Markets 4x4: What caught our eye during Asian trade
Welcome to Markets 4x4, a post delivered daily by 4pm in Sydney detailing the key macro themes from the Asian session.
Here’s what you need to know for Tuesday, October 24.
Bill and Bill’s excellent short squeeze
Woah, dude. Are you now bullish bonds, too? No way! It’s remarkable how the world’s most prominent bond bears turned bullish within two hours of each other. Even more so when both decided to use their market moving clout on X, “formerly known as Twitter”, to convey their wisdom on the financial world free of charge. How nice!

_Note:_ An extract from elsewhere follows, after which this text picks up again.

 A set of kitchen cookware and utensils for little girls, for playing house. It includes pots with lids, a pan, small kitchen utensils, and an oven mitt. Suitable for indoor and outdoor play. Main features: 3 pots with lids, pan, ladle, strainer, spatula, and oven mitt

Regardless of what you made of it, the “Bill’s” left their mark with the substantial bid in US Treasuries flowing through to Asian fixed income markets today. While a spectacular reversal, the scale likely reflects how bearish positioning had become in the short-term, rather than a blow-off top signaling a turning point.
For all newfound bravado conveyed by wounded bond bulls during the session, it wasn’t enough to help the Bank of Japan who were forced to step in again to cap yields with yet another unscheduled bond buying operation. For those who believe yields have topped, you may want to keep an eye on the Japanese bond market.

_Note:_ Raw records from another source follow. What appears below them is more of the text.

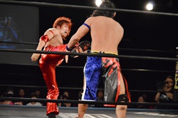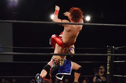 彰人コーナーに振って突っ込む、高尾トラースキック(右写真)、背中にフットスタンプ。
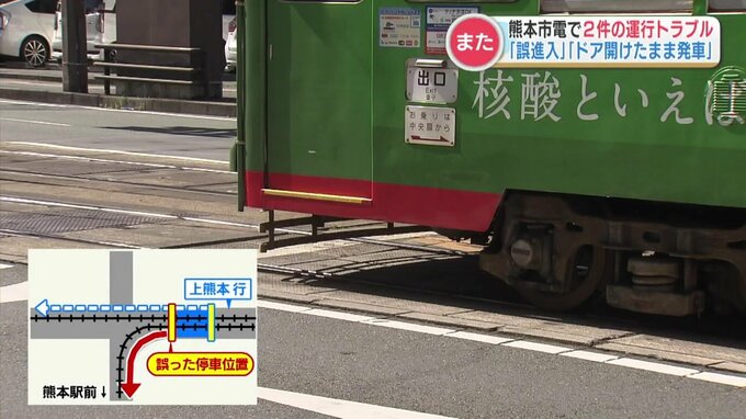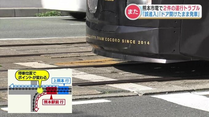 さらに、健軍町電停では5月10日の朝、客を乗せた直後にドアを開けたまま出発して約40センチ進むトラブルが起きていました。
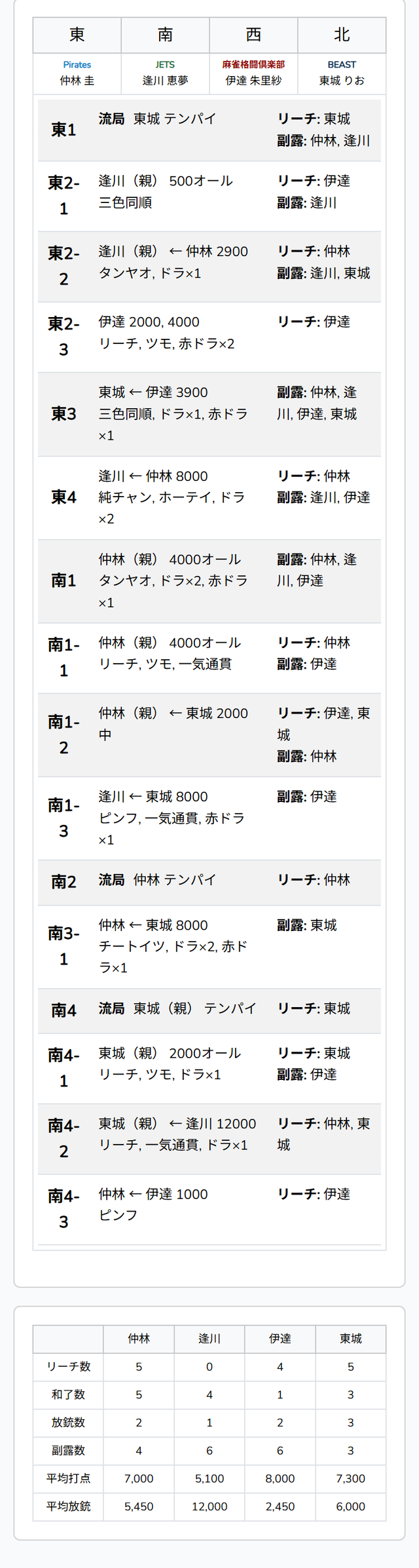 南1局1本場、4着目で親の仲林が門前で一気通貫を完成させると、9巡目に先制リーチ。ツモアガリで、前局に続いて2局連続の4000オールとなった。仲林はトップ目に。

Bonds rip so buy the high beta FX dip
With US 2s, 10s and 30-year yields more than 15 basis points from the highs, thin volumes and a sparce events calendar provided a window for traders to squeeze FX names higher against the dollar. And accept the challenge they did. AUD was the top performer, assisted by a modest bid in US stock futures and Dalian iron ore. The Kiwi wasn’t far behind, making it a quinella for high beta FX names in Asia.

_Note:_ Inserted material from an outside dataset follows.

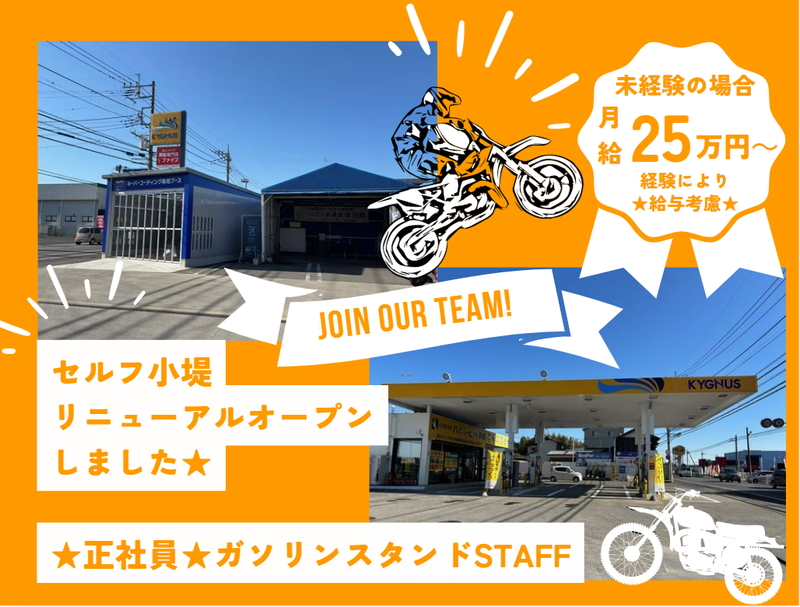 仕事内容 ☆★2024年12月にリニューアルオープン!!★☆ 【正社員】ガソリンスタンドスタッフ 主に、スタンド業務、店舗内の清掃、手洗い洗車からスタートします。 少しづつ慣れてきたら、 車のコーティング作業、オイル交換などをお任せいたします。 普通自動車免許があればOKです◎ また、整備士お持ちの方は、 オイル交換やタイヤ交換・パンク修理、 バッテリー交換、点検などもお任せいたします。 整備士お持ちの方は、給与考慮いたします◎ ※シフトにより、セルフ354総和給油所の勤務の日もございます。 ≪セルフ小堤勤務/20歳社員の声≫ 職場を一言で表すと「笑顔で常に明るい!」 さまざまな年代の人が働いていて、 仕事中は歳の差関係なくみんなお客様の為に笑顔で全力で働いています! 固定の休みもあるので、同年代の友人と毎週遊んでます! オンとオフ。仕事も遊びも全力でエネルギーを使い切れる職場! ★景気に左右されず安定した会社★ 昇進のチャンスも随時有!働きながらスキルや技術が身に付けられる☆

Given the risk-laden environment with major US tech earnings, a speech from the RBA Governor and fluid situation in and around the Gaza strip, flip a coin to determine whether the move in Asia will continue into European trade. One thing is certain right now, though; risk rallies don’t tend to last long.
Bitcoin finds the code for upside
Bitcoin bears have long bemoaned the token’s correlation with investments at the extremities of the risk asset spectrum. But with persistent speculation surrounding the approval of several spot bitcoin exchange traded funds (ETFs) in the US, perhaps bitcoin has finally unlocked the key attribute many investors have been looking for: negative correlation to broader market moves.
However, those hopes may need to be put on ice with bitcoin’s latest spurt – taking it back to levels not seen since May 2022 – was in response to a ticker code being generated for Blackrock’s still-unapproved spot bitcoin ETF. The four letters – IBTC – were worth around $US17 billion each for bitcoin’s market cap.
Asia’s PMIs anything but flash
‘Flash’ PMI reports from Australia and Japan were anything but in October, providing another bearish signal on the global economy given their cyclical characteristics. The Australian composite figure printed at 47.3, the lowest level in nearly two years. Under the hood, the results read like chapter on stagflation in an economics textbook with elevated price pressures coinciding with decreased activity. But the key difference between now and other stagflation periods is that hiring remains robust. Perhaps this time is different, or maybe not?
Japan’s performance was only marginally better with activity going backwards for the first time this year. New orders, new export orders and backlogs fell while inflationary pressures eased, painting a very different picture to the BOJ’s upgraded views on regional activity released only last week.
Market of the day: iShares’ 20 Plus Year Treasury Bond ETF (TLT)
With long bonds receiving plenty of attention, it’s probably a time to look at the product which arguably brought them to the masses: iShares’ 20 Plus Year Treasury Bond ETF with the ticker code ‘TLT’.
There are bear markets and then there’s the unwind in US long bonds over the past two years. It’s been brutal. But with Bill and Bill now positive towards the outlook, there’s likely to be a bit of optimism that bonds may have bottomed. That’s probably a good thing given TLT is running out of technical support levels with only $82.20 and $80.40 found below where it currently trades. $87.50 and $91.80 are the levels to watch on the topside should this latest move have legs. RSI and MACD suggest momentum remains to the downside.